Six months before a microfinance institution entered 43 villages in India and began offering microfinance loans to villagers, we collected detailed network data by surveying households about a wide range of interactions. The microfinance institution began by inviting “leaders” (e.g., teachers, shopkeepers, savings group leaders) to an informational meeting and then asked them to spread information about the loans. Using the network data, the locations in the network of these first-informed villagers (or injection points), and data regarding the villagers’ subsequent participation, we estimate the parameters of our diffusion model using the method of simulated moments. The parameters of the model are validated by showing that the model correctly predicts the evolution of participation in each village over time. The model yields a new measure of the effectiveness of any given node as an injection point, which we call communication centrality. Finally, we develop an easily computed proxy for communication centrality, which we call diffusion centrality.

### Results

We find that a microfinance participant is seven times as likely to inform another household as a nonparticipant; nonetheless, information transmitted by nonparticipants is important and accounts for about one-third of the eventual informedness and participation in the village because nonparticipants are much more numerous. Once information passing is accounted for, an informed household’s decision to participate is not significantly dependent on how many of its neighbors have participated. Communication centrality, when applied to the set of first-informed individuals in a village, substantially outperforms other standard network measures of centrality in predicting microfinance participation in this context. Finally, the simpler proxy measure—diffusion centrality—is strongly correlated with communication centrality and inherits its predictive properties.

### Discussion

Our results suggest that a model of diffusion can distinguish information passing from endorsement effects, and that understanding the nature of transmission may be important in identifying the ideal places to inject information.
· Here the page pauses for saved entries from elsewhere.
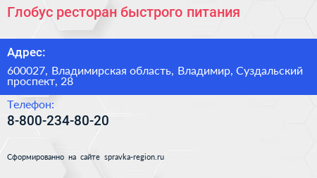 Глобус, ресторан быстрого питания по адресу 600027, Владимирская область, Владимир, Суздальский проспект, 28 в дальнейшем Организация, размещена в следующих категориях: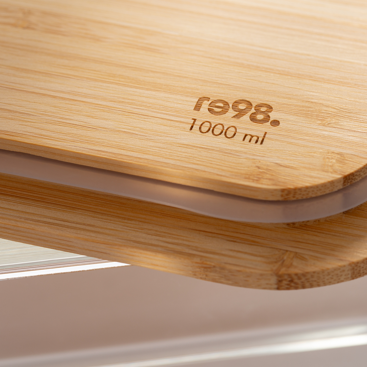 Eine trendige Kombination aus Bambus und Glas - RE98-Freshfusion vereint einen stylischen Look mit exzellenter Qualität. Die 1000 ml Lunchbox ist aus hitzebeständigem Borosilikat-Glas gefertigt und hält Temperaturen von bis zu 400 Grad stand. Daher ist sie ideal geeignet für den Einsatz im Ofen oder in der Mikrowelle (ohne den Bambus-Deckel). Die transparente, BPA-freie Silikondichtung auf der Innenseite des Deckels sorgt für auslaufhemmendes Verschließen. Den Essensbehälter aus Glas können Sie bedenkenlos in die Spülmaschine geben. Wir bieten für die Lunchbox RE98-Freshfusion verschiedene Werbeanbringungsmöglichkeiten. Auf dem Bambusdeckel können Logo und Slogans per 4C Tampondruck oder CO2-Lasergravur aufgebracht und effektvoll in Szene gesetzt werden. Der Artikel wird in einer hochwertigen Faltschachtel aus Papier geliefert.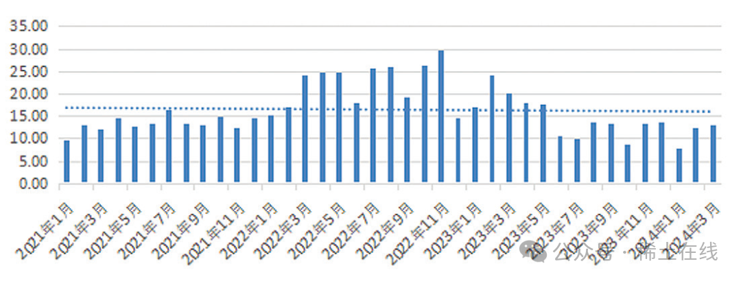 2024 年 1 ~ 3 月,稀土出口單價(jià)分別為 7.74 美元 / 公斤、12.52 美元 / 公斤和 13.04 美元 / 公斤,低于 2023 年 4 季度的水平,但是逐月回升,同比分別下降 52.6%、23.3% 和 35.2%(見圖 10)。

## Infectious Information?

Much of the recent work on how individuals in social networks behave has relied upon the established Susceptible, Infectious, Recovered model developed in epidemiology. Information, however, differs from disease in one respect, namely that an individual might acquire information and yet not use it (or become “infected” by it). **Banerjee et al.** (1236498) examined the spread of information about microfinance and its adoption in 43 villages in Karnataka, a state in southern India. Adopters of microfinance were more likely to pass information about it on, and a new measure—diffusion centrality—of the first person to learn new information predicted how widely and quickly others would be likely to make use of it.

## Abstract

To study the impact of the choice of injection points in the diffusion of a new product in a society, we developed a model of word-of-mouth diffusion and then applied it to data on social networks and participation in a newly available microfinance loan program in 43 Indian villages. Our model allows us to distinguish information passing among neighbors from direct influence of neighbors’ participation decisions, as well as information passing by participants versus nonparticipants. The model estimates suggest that participants are seven times as likely to pass information compared to informed nonparticipants, but information passed by nonparticipants still accounts for roughly one-third of eventual participation. An informed household is not more likely to participate if its informed friends participate. We then propose two new measures of how effective a given household would be as an injection point. We show that the centrality of the injection points according to these measures constitutes a strong and significant predictor of eventual village-level participation.

How to implant useful information into social networks so that it benefits the maximum number of people is a question of great importance for policy-makers. Although simulations (*1*) and analytic results (*2*) suggest that the choice of initial injection points in a diffusion process (the first persons to be informed) affects the ultimate reach of the process, there is little empirical evidence concerning whether this is actually the case in real-life examples, and if so, in what ways (*3*). Moreover, the answer to this question crucially depends on the model of information transmission. As information about a new product diffuses through a social network, what are the factors that influence whether an individual chooses to adopt or purchase that product?

We consider two main factors. First, individuals have to be aware of the product before they can adopt, which is more likely when more of their friends can tell them about it. Second, the adoption decisions of informed individuals might be influenced by the decisions of their friends. To account for these factors, we developed a simple model of information diffusion that allows us to (i) distinguish information passing among neighbors from direct influence of neighbors’ participation decisions, and (ii) distinguish information passing by participants versus nonparticipants.

We then proceeded in four steps. First, we derived model parameter estimates from a uniquely rich data set on network structure and participation in microfinance in 43 rural villages in Karnataka, a state in southern India. The network data were collected in anticipation of the introduction of services in these villages by a microfinance institution, Bharatha Swamukti Samsthe (BSS), and were drawn from detailed surveys of households covering a wide range of interactions. BSS then entered these villages and provided us with data on participation in microfinance at regular intervals.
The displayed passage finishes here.